После ужина нежданно пришел сопровождаемый младшим лейтенантом медицинской службы Аксеновой комбат Гранатуров, раненный в руку на западном берегу Шпрее, двадцатипятилетний гигант с оглушительным басом. Он громогласно сообщил, что в медсанбате соскучился по дьяволам-огневикам, надоело кушать манные кашки, и вот с Галочкой оказалось ему по дороге, стало быть – принимайте гостей, если, конечно, здесь еще считают его комбатом. Тут же из разговора, когда начали вспоминать события дня, Гранатуров узнал о трофейных рейхсмарках, совсем теперь бесполезных бумажках от наложенного Никитиным вето, и, развеселившись, недолго размышляя, посоветовал пустить их в умное депо – раздать для интереса тысяч по десять и перекинуться в двадцать одно, чтобы выяснить, кому все-таки в любви везет, а кому и нет, и, глянув подмигивающе на Галю, на сдержанного лейтенанта Княжко, предложил:
– Прошу вас, Галочка, попытайте счастья, сядьте с нами. Интересно посмотреть, как в этом случае везет женщинам.

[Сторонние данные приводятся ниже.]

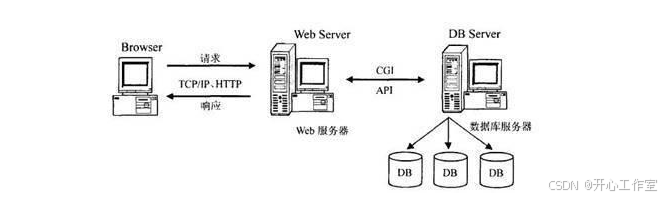 在早期,一些使用HTML语言编写的文件,再集合一些其它资源文件就可以组成一个最简单的Web程序,了解了Web程序也需要了解Web站点,它们之间的关系就是一个或者多个Web程序可以放在Internet上的一个Web站点(Web服务器)中进行使用。可以说Web应用程序的开发也带动了B/S这种网络结构模式的兴起。B是Brower(浏览器)的首字母,S是Server(服务器)的首字母,两个首字母进行组合就成了网络结构模式的简称B/S。由于这种结构模式通过安装在客户端的浏览器进行服务器的访问,可以把程序的核心功能安排在服务器中进行处理,给程序的开发,后期使用和维护省去了许多工作。图2.1展示的就是使用这种架构开发的程序的工作原理。
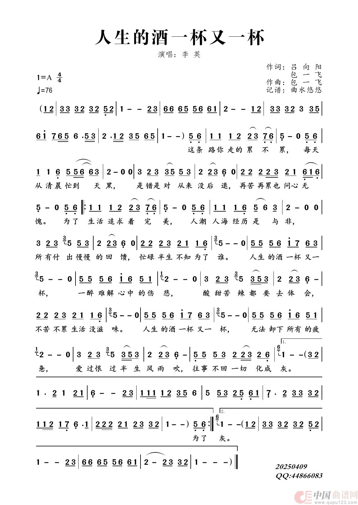 关于《人生的酒一杯又一杯》曲谱的评论
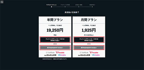 ※Apple ID経由(アプリ内課金)、Amazon IAPアプリ内課金、Google Playアプリ内課金、ソフトバンクからの特別割引プラン、キャリア決済、各ケーブル局経由のお支払い方法にてご契約中のお客様で年間視聴パスをご利用希望の場合は、退会手続きをお取りいただき、現在のご視聴期間満了後ご利用停止となったことを確認いただいてから、年間視聴パスにて必ずWebブラウザよりご利用再開手続きをお試しください。
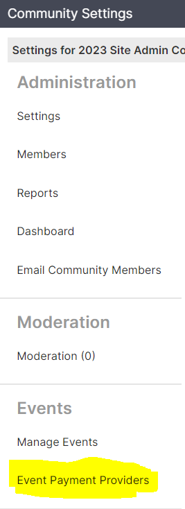 - Click the “Community Settings” button at the top right of your site and then select "Event Payment Providers.”
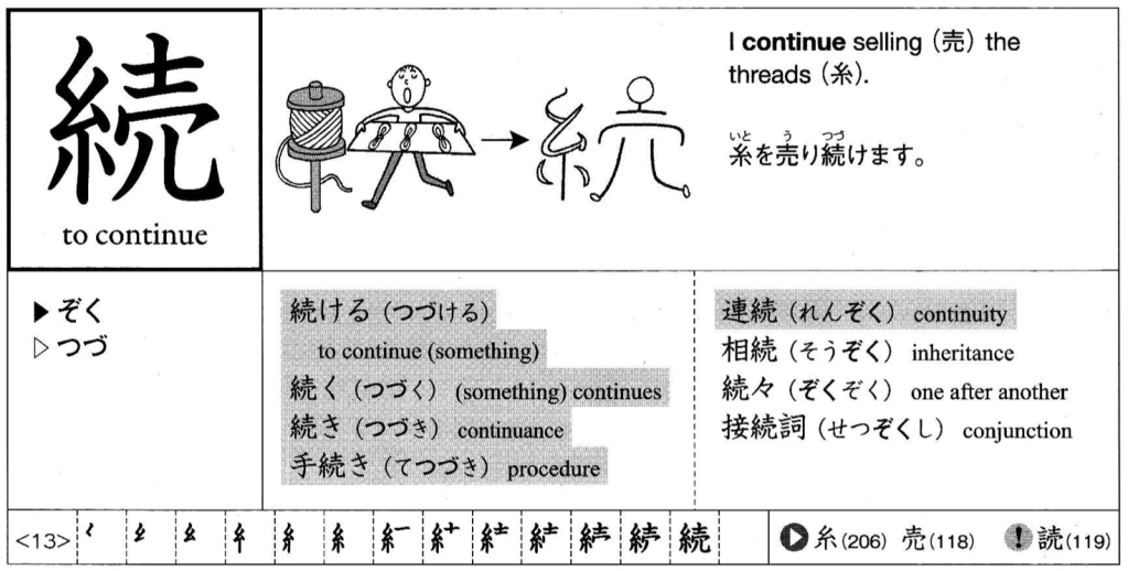 - 続ける (つづける) – to continue; to keep up; to keep on (page 37)

– Зачем? Вы хотите лишить меня особенностей слабого пола, Гранатуров? – безразлично сказала Галя, садясь на кожаный диван под книжными полками. – Это вам лично мало что даст.
– Мне лично везет как утопленнику, – вздохнул Меженин, выкладывая на стол из мешка пачки денег. – Хотел бы разок в медсанбатик попасть, товарищ младший лейтенант медицинской службы.
– Разумеется, началось бы невообразимое, за вами ходили бы по пятам с манной кашкой. Бедный медсанбат. – У нее был глубокий грудной голос, переплетенный тугой ниточкой насмешки, и, может быть, если бы не удлиненный нежный овал лица, нежная от вороненых волос и бровей белизна лба, она могла бы показаться не по-женски чересчур резковатой, как бывают нестесненно решительны медсанбатские врачи и сестры в обществе солдат.
– Итак, начнем картежную жизнь! – скомандовал Гранатуров. – Ша, славяне! Ахтунг!
Меженин первый поставил в банк и, пощелкивая, поигрывая, треща чистенькой атласной колодой с двойными портретами Гитлера вместо обычных валетов, начал сдавать карты.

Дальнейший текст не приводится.